Account Information

Financial Statement Statement of Financial Position
Normal Balance Debit

Definition

Cash advances given to employees for business purposes

📐 IFRS vs US GAAP Accounting Treatment

IFRS IAS 19 Employee Benefits
US GAAP ASC 310 Receivables

❓ Frequently Asked Questions

Q: What are Employee Advances?

A: Employee Advances are cash amounts given to employees to cover future business expenses such as travel, purchasing supplies, or petty cash. They are considered a current asset (receivable) on the balance sheet until settled with actual expenses or returned.

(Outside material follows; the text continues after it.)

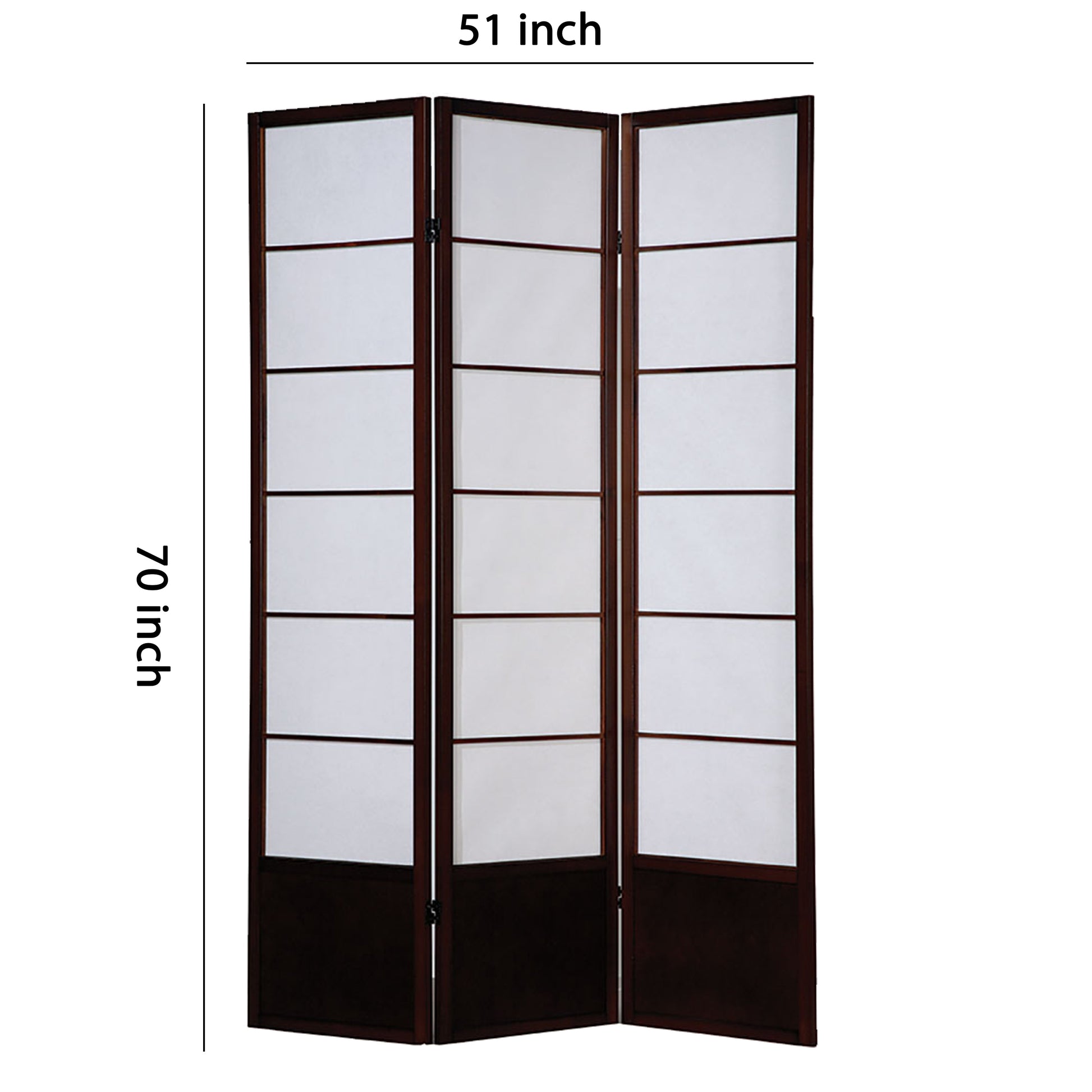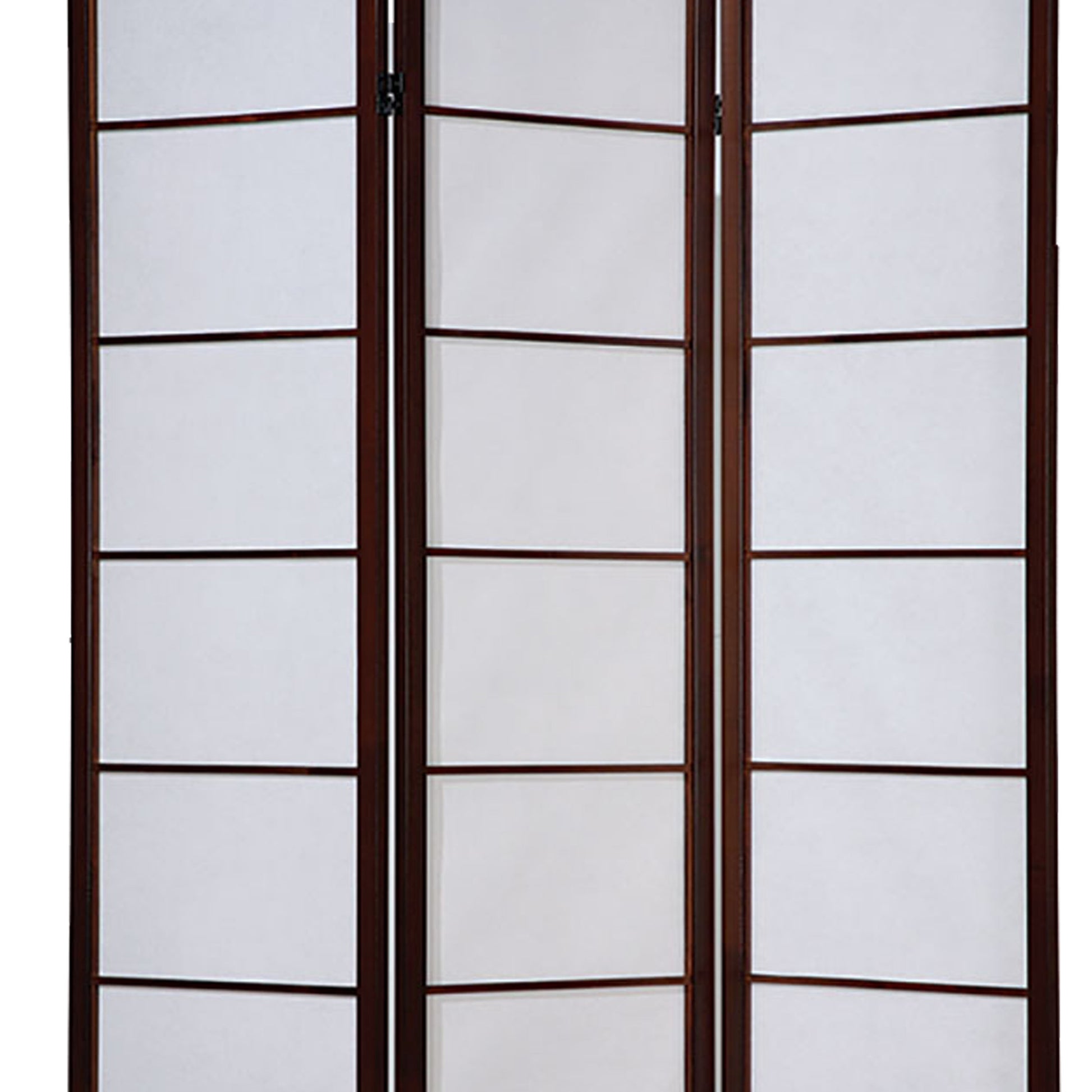 3 Panel Wooden Room Divider with Shoji Paper Inserts,White and Cherry Brown

Q: How is an employee advance recorded?

A: An employee advance is recorded with the entry: Dr. Employee Advances, Cr. Cash in Hand or Bank Account. When the employee submits actual expenses, the entry is: Dr. Relevant Expense Account, Cr. Employee Advances (to settle the advance).

Q: What happens if an employee does not settle the advance?

A: If the employee does not settle the advance (submit invoices or return the amount), the balance is treated as a regular receivable. The amount can be deducted from the employee\'s salary or pursued legally. If recovery is hopeless, it is written off as a bad debt expense.

Q: What is the difference between an employee advance and a petty cash fund?

A: Advance: a fixed amount given to an employee for recurring expenses (e.g., petty cash) and settled periodically. Petty cash: a revolving fund for small expenses.

Q: How are employee advances inventoried at period end?

A: The book balance of the advance is matched with (remaining cash + value of invoices and documents). Any shortage or surplus is recorded in the inventory differences account.

Q: How is an employee advance settled?

A: By the employee providing invoices and documents covering the expenses, then the entry: Dr. Various Expense Accounts, Cr. Employee Advances.

Q: What happens if an employee leaves the service with an unsettled advance?

A: The amount is deducted from his final entitlements (last month's salary, end-of-service benefit). If insufficient, it is pursued legally or written off as a bad debt expense.